🤖 AI Summary
This study investigates the emergence timing of the High-Dimensional Abstraction Phase (HDAP) in language models and its relationship with modeling capability and transfer performance. Using intrinsic dimensionality estimation and cross-model representational similarity analysis (via CKA and RSAP), we conduct systematic experiments across five Transformer-based language models and three benchmark datasets. We first identify and formally define HDAP as a universal phase characterized by complete semantic abstraction of input tokens, yielding representations with strong downstream transferability and cross-model predictability. Early emergence of HDAP strongly predicts lower perplexity (PPL), and layers exhibiting HDAP consistently achieve optimal performance in both cross-task and cross-model evaluation settings. Our work provides a key geometric perspective—and quantifiable metrics—for understanding the internal linguistic processing mechanisms of large language models.
📝 Abstract
A language model (LM) is a mapping from a linguistic context to an output token. However, much remains to be known about this mapping, including how its geometric properties relate to its function.
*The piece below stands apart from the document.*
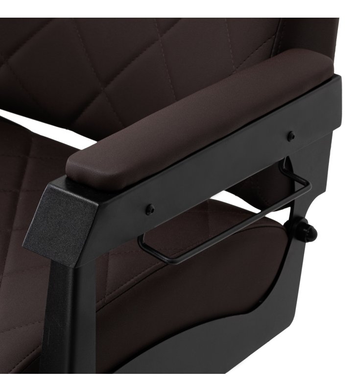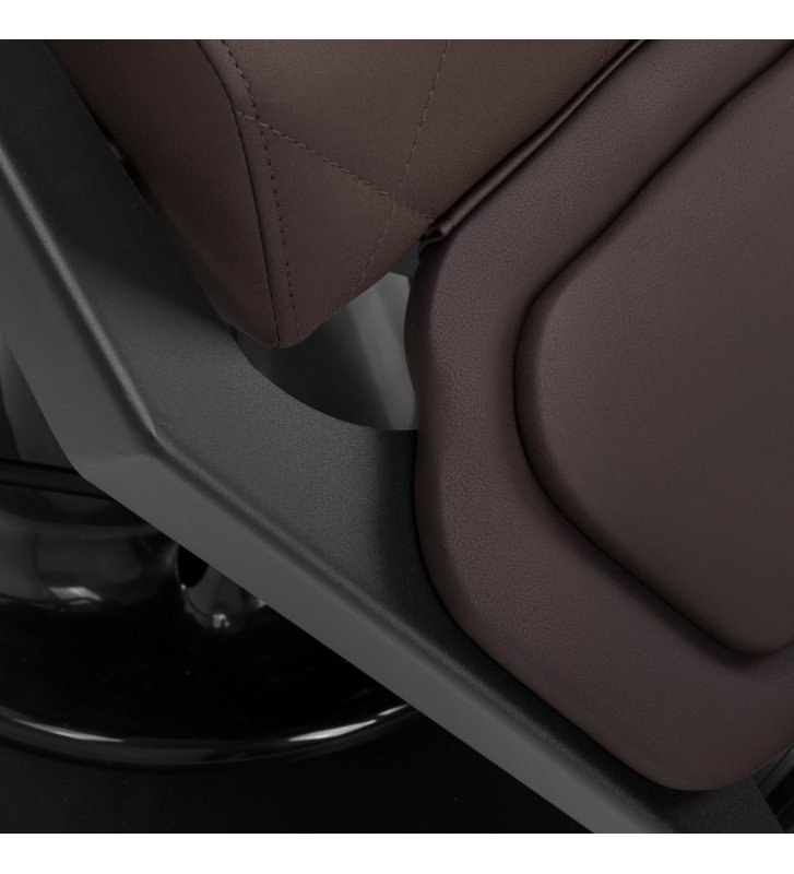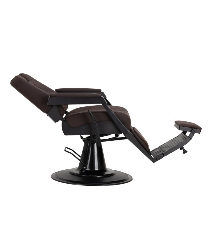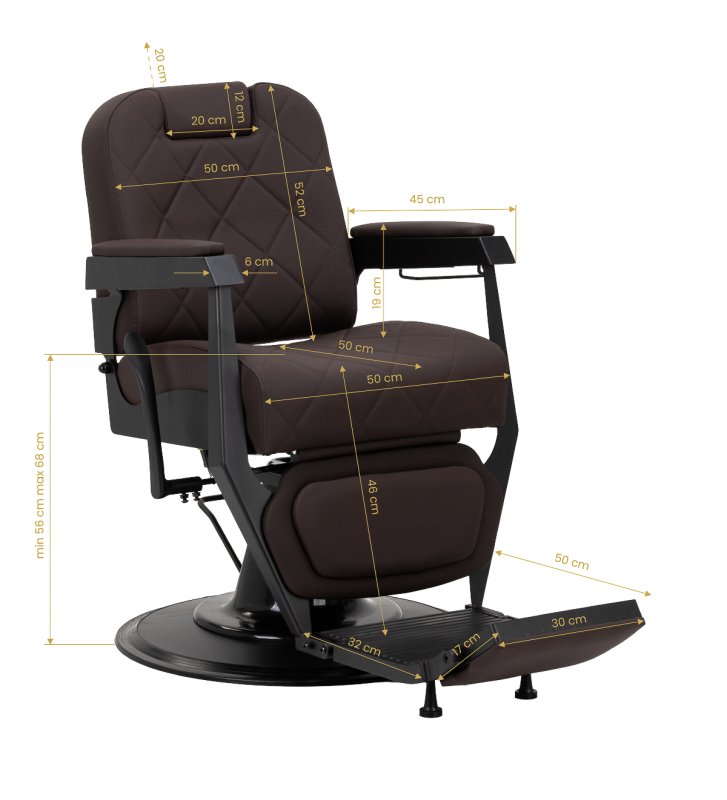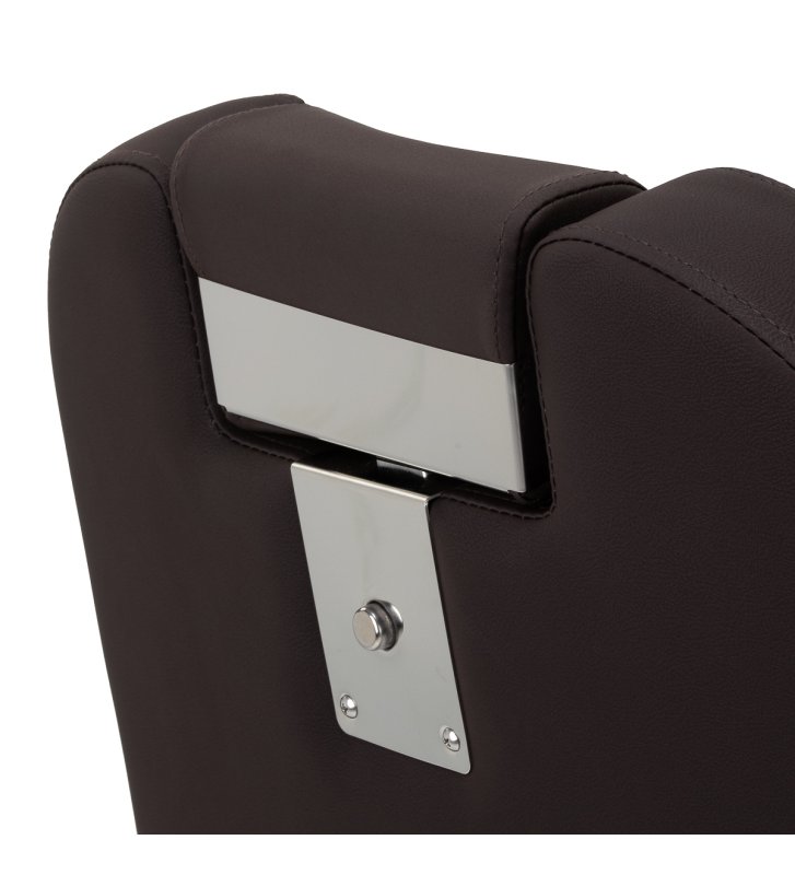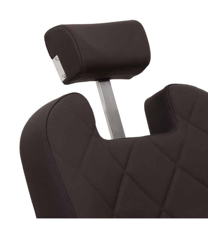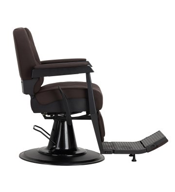 New in our offer - RUFO barber chair. It is a modern, perfectly finished, economical piece of furniture. It gives the client of the salon a maximum feeling of comfort during the procedures performed. In addition to the up-down adjustment, the chair has a reclining backrest. Despite its small dimensions, it is possible to place the client in a convenient, half-lying position. The comfortable seat is covered with high-quality eco-leather. The wide base guarantees the stability of the furniture during work. An additional advantage is the ability to easily adjust the headrest. Brown furniture.

We take a high-level geometric approach to its analysis, observing, across five pre-trained transformer-based LMs and three input datasets, a distinct phase characterized by high intrinsic dimensionality. During this phase, representations (1) correspond to the first full linguistic abstraction of the input; (2) are the first to viably transfer to downstream tasks; (3) predict each other across different LMs. Moreover, we find that an earlier onset of the phase strongly predicts better language modelling performance. In short, our results suggest that a central high-dimensionality phase underlies core linguistic processing in many common LM architectures.